Quebec's St-Jean Baptiste Day celebrations return after pandemic hiatus

Quebec residents streamed into local streets, packed outdoor concert venues and geared up for a weekend of in-person celebrations on Friday as they marked the provincial holiday of St-Jean Baptiste Day.

The return to public festivities came after two years worth of broad cancellations due to the COVID-19 pandemic, and residents lost no time in getting back into the celebratory spirit.

Tanya Dupont turned up for Friday festivities in Montreal alongside her five-year-old daughter, with the pair sporting matching tank tops featuring Quebec's floral emblem.

"We missed celebrating the St-Jean Baptiste Day," Dupont said. "My daughter was so excited to take her outfit out again!"

Celebrations for the 188th edition of St-Jean Baptiste festivities kicked off with major concerts in Quebec City and Montreal on Thursday evening, where thousands of attendees donned the province's official blue and white colours.

About 5,000 activities across 650 provincial locales have been planned for the long weekend, including several musical performances from prominent Quebec's performers.

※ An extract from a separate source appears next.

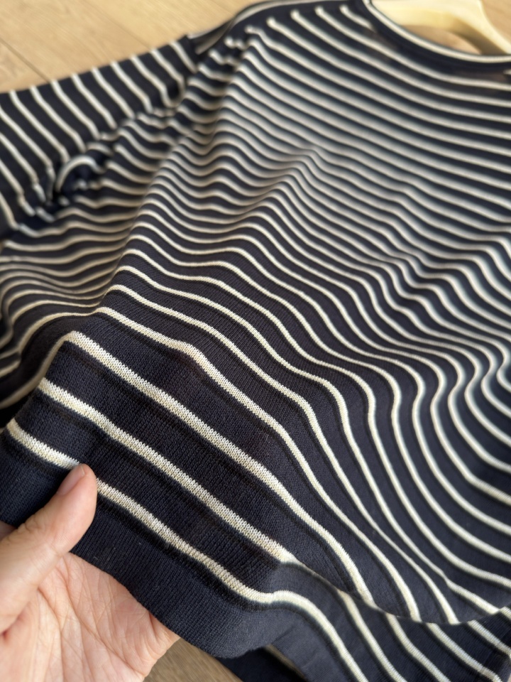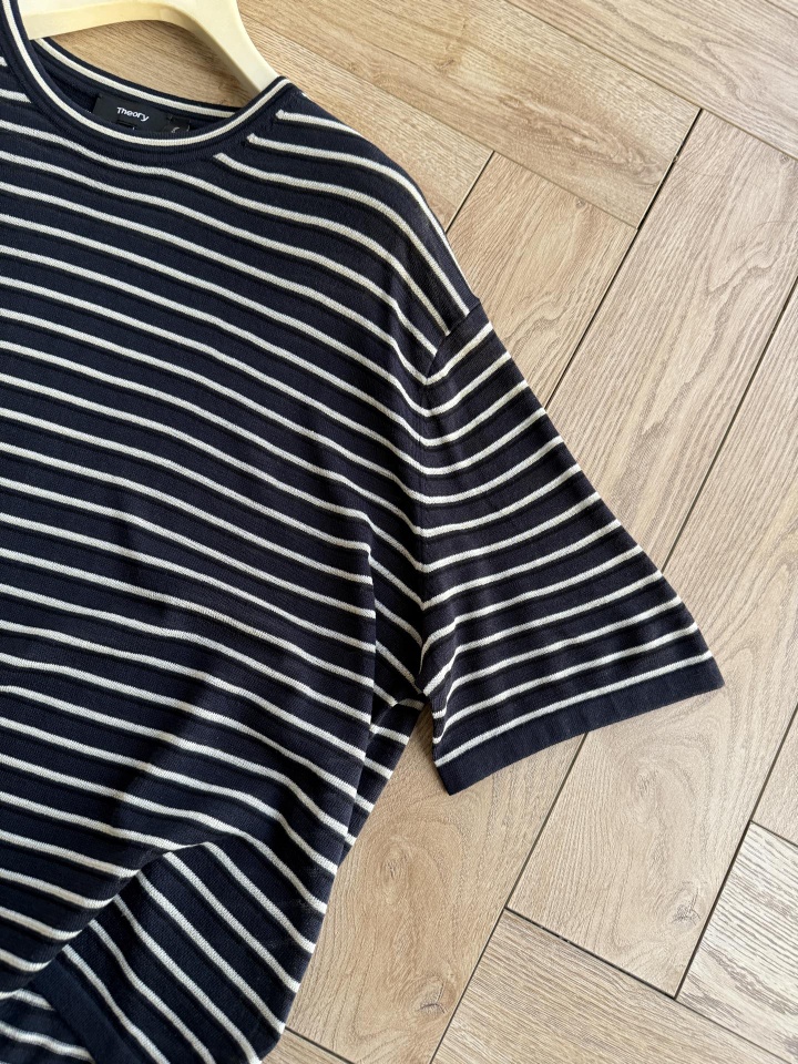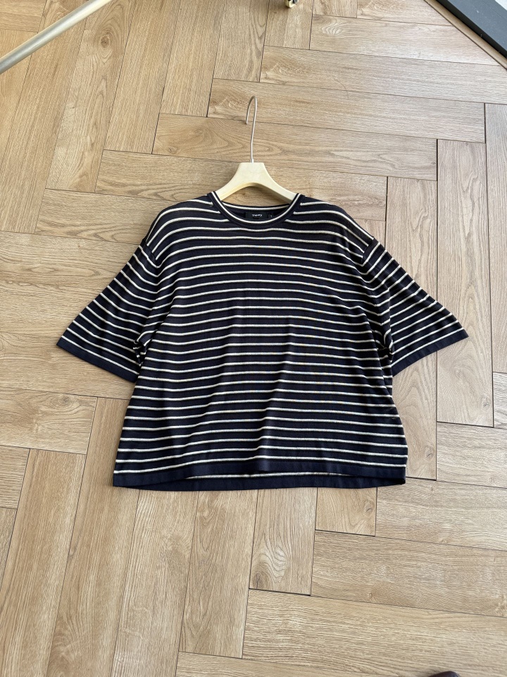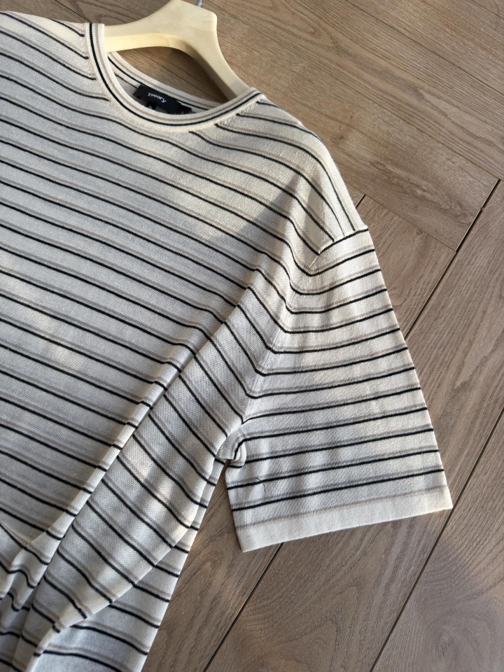 Theor女士条纹亚麻圆领短袖!这件太适合夏天了,清爽干净,又很实穿
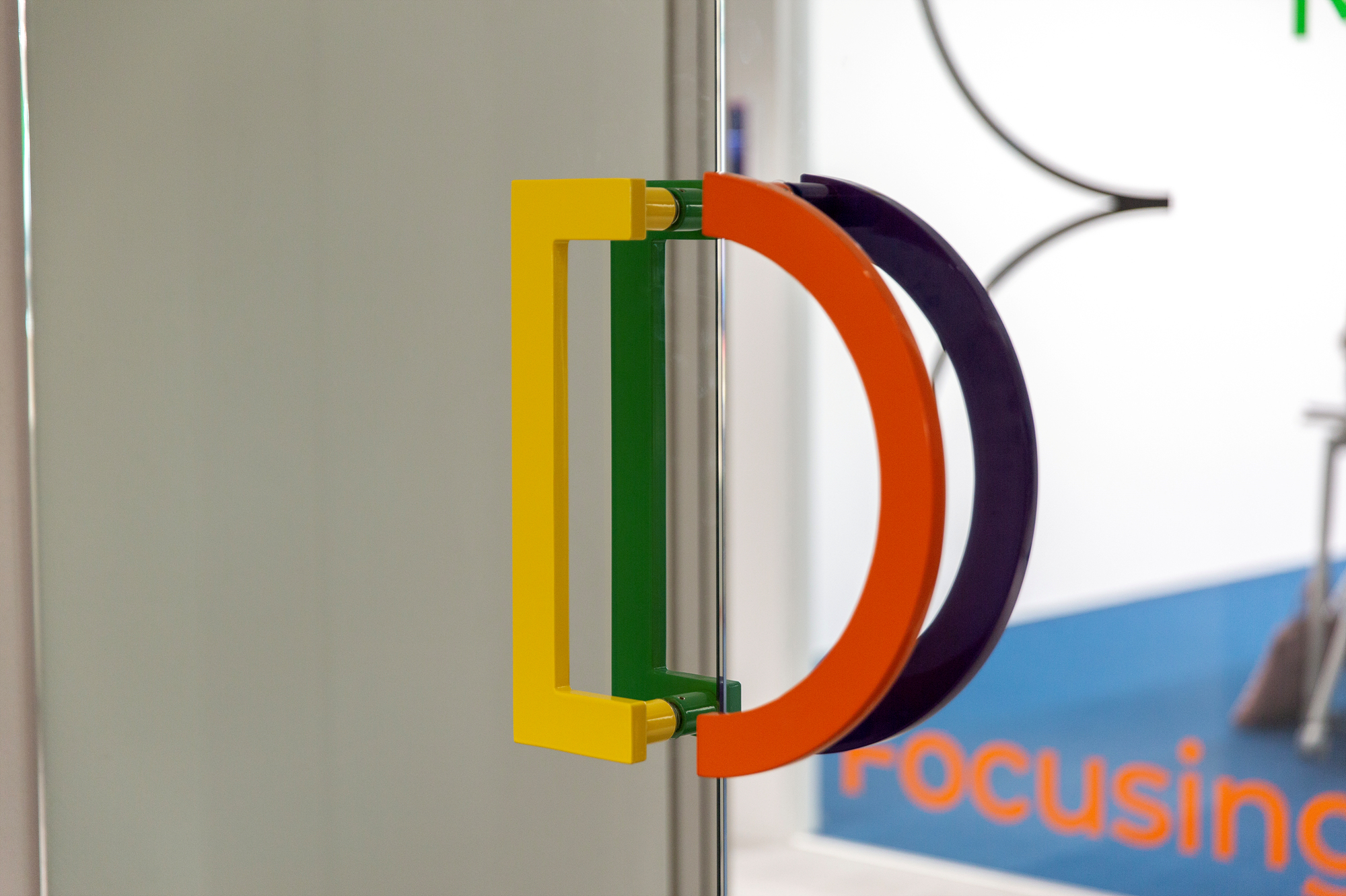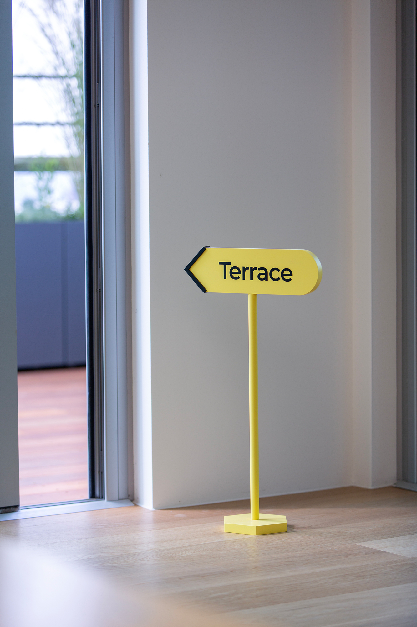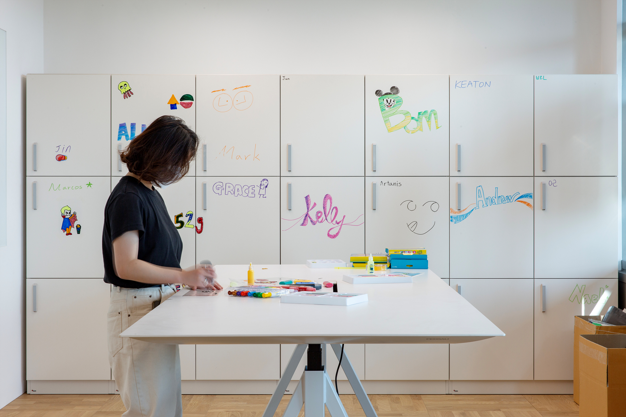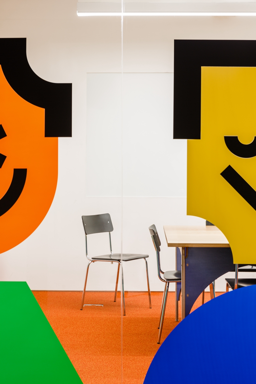 공간의 중심에는 카운터와 편하게 쉴 수 있는 라운지가 위치 해 있습니다. 이곳을 방문하는 모든 인원은 카운터 뒤의 파란색 벽을 만나게 되는데 이곳에서는 킫을 이용하고 있는 인원들의 정보나 킫이 담고 있는 철학을 보여주는 게시판의 용도로 사용되기도 합니다. 회의실은 적절한 공간에 배치되어 있어, 협업에 있어 유연성있는 회의를 만들어 줍니다. 판서가 가능한 벽이나 모니터가 설치된 회의실에 킫의 아이덴티티를 적용하여 킫만의 회의실이라는 이미지를 줄 수 있습니다. 업무공간의 움직이는 칠판이나 책상 같은 하드웨어적인면도 있겠지만 한발자국 이동하면 휴식과 캐쥬얼한 미팅이 가능한 공간이 곳곳에 놓여 있는 것 새로운 협업 문화를 만들어 가는 것이 킫의 목표지점 입니다.

Simon Bissonnette, president of organizer Mouvement national des Quebecoises et Quebecois, said this year's holiday feels like a family reunion due to the lifting of public health protocols meant to protect against COVID-19.

"It's a liberation to see people at different sites, without any measures," Bissonnette said.

But this year's celebrations weren't exact clones of past events.

In downtown Montreal, for instance, the traditional parade was replaced with an immersive exhibition of scenes from Quebec's history and culture.

Rather than admiring passing parade floats, attendees were encouraged to circulate among a dozen settings. These included a replica of Quebec's infamous winter complete with real bonfires and the opportunity to roast marshmallows, a traditional sugar shack, and a showcase of photos depicting aspects of the province's history.

Montreal resident Melanie Aubut was all smiles as she watched her seven-year-old daughter run across the street with half her face painted in blue and a "Quebec" tag on her forehead.

"We're also celebrating diversity today," Aubut said. "It's beautiful that we have people with different backgrounds in our city, celebrating together."

She said having the option to walk across the static scenes was perfect to reintroduce the festivities after the pandemic.

"It's less overwhelming or suffocating because there's more space for people," she said. "You can go at your own rhythm, take the time to look."

Simon Dor also took in the sights during an afternoon stroll with family and friends.

"There are several definitions to what it means to be Quebecer," he said. "But we can celebrate no matter what."

Quebec Premier Francois Legault posted a video on Twitter early Friday showing himself humming "Gens du pays" by Quebec Nationalist songwriter Gilles Vigneault, which is frequently sung during birthday celebrations.

Prime Minister Justin Trudeau also issued a statement in which he celebrated his Quebec heritage and touted the province as a leader in equality, justice and democracy.

"As Quebecers, we can be proud of our history and our beautiful French language," Trudeau said on Friday. "These are the roots of a unique culture that binds us together, from Rimouski to Val--d'Or, from Montreal to Sherbrooke."